Christine Elliott enters race to replace Ontario PC leader

MPP Christine Elliott — the widow of ex-federal finance minister Jim Flaherty — is taking another shot at leading Ontario’s Progressive Conservatives.

Elliott announced Wednesday morning in Toronto that she’s entering the race to succeed Tim Hudak, who will be stepping down as PC leader when the legislature returns on July 2.

“I am determined to lead the PC party,” she said outside the McMurrich Building at the University of Toronto.
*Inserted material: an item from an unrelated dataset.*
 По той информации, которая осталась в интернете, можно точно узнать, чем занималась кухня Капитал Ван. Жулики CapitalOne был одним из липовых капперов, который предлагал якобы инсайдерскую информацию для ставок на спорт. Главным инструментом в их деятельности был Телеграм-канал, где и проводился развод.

She added that her party had a lot of work to do in the next four years because the recent election showed that “we failed to connect with the issues that mattered” to the public. And to take the party forward “it’s going to take new leadership,” she said.

Elliott finished third when Hudak won the Tory leadership race in 2009.

Flaherty failed in bids in 2002 and 2004 to lead the Ontario Tories.

Her name was put forward as a possible favourite to replace Hudak after he announced he was stepping down following the crushing defeat of his party in the June 12 election.

Elliott is deputy leader of the party and has served as critic for the Ministry of Health and Long-Term Care and Mental Health Reform.

Tory MPP and labour critic Monte McNaughton said he is also “seriously” considering a run for the leadership.

“I’ve spent every day since the election making calls to party activists across the province and to caucus members,” he told The Canadian Press.

“I really am overwhelmed and humbled by the support that I’ve been receiving across Ontario.”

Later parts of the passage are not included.